What the exercise asks:
Leaving out all pictures, give again each line exactly, from the start of the listing through the line that contains "White & Black".

Data excerpt:
Content starts

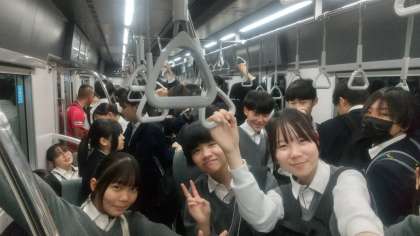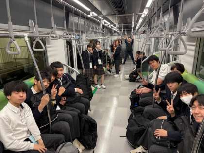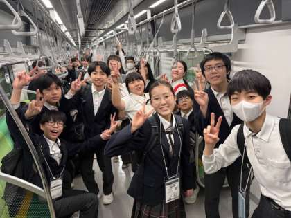 電車の車内は、大阪・関西万博への期待でいっぱいです。
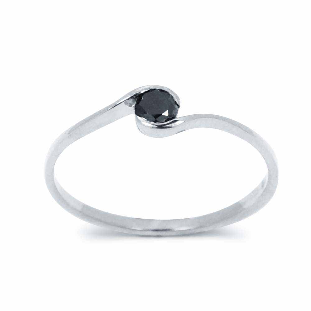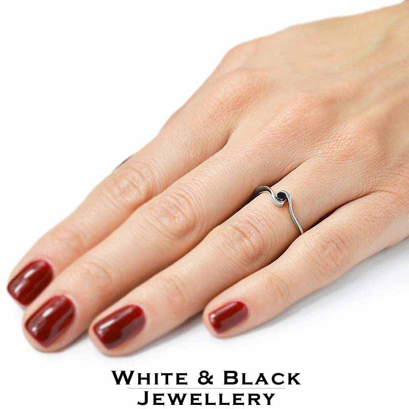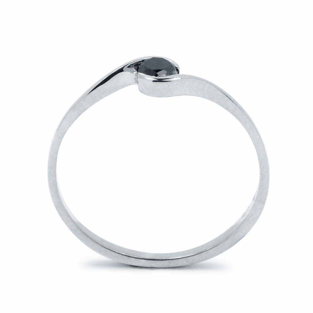 White & Black Solitaire: Eljegyzési Gyűrű 3,4mm-es Fekete Gyémánttal - Fehérarany
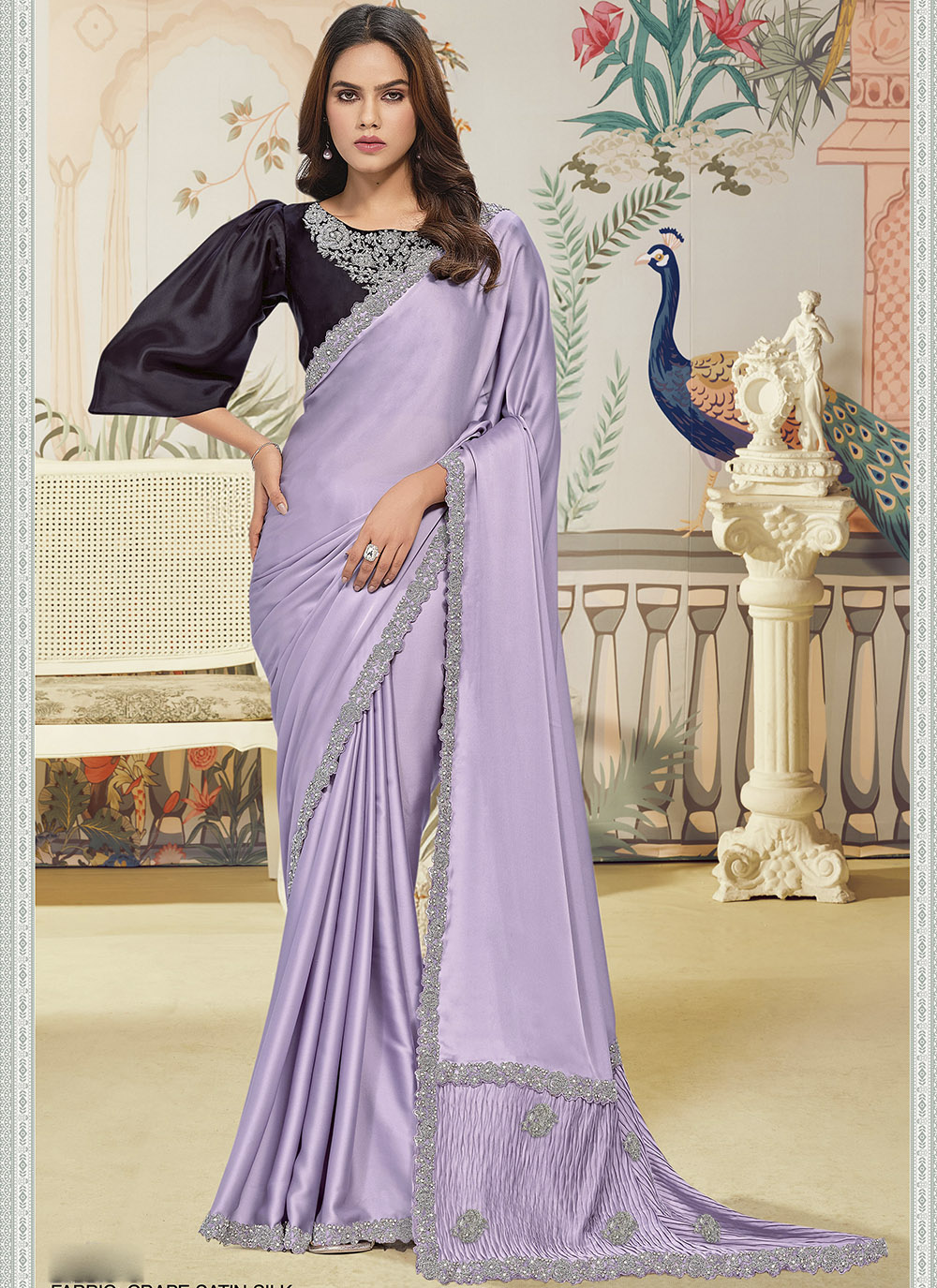 Look Attractive These Designer Party Wear Fancy Saree in Fine Colored.These Saree Are Crepe Satin Silk And Blouse Satin Silk is Fabricated.Its Beautified Fancy Sequance Embroidery, Hand Work.

Content ends

Reply:
 電車の車内は、大阪・関西万博への期待でいっぱいです。
 White & Black Solitaire: Eljegyzési Gyűrű 3,4mm-es Fekete Gyémánttal - Fehérarany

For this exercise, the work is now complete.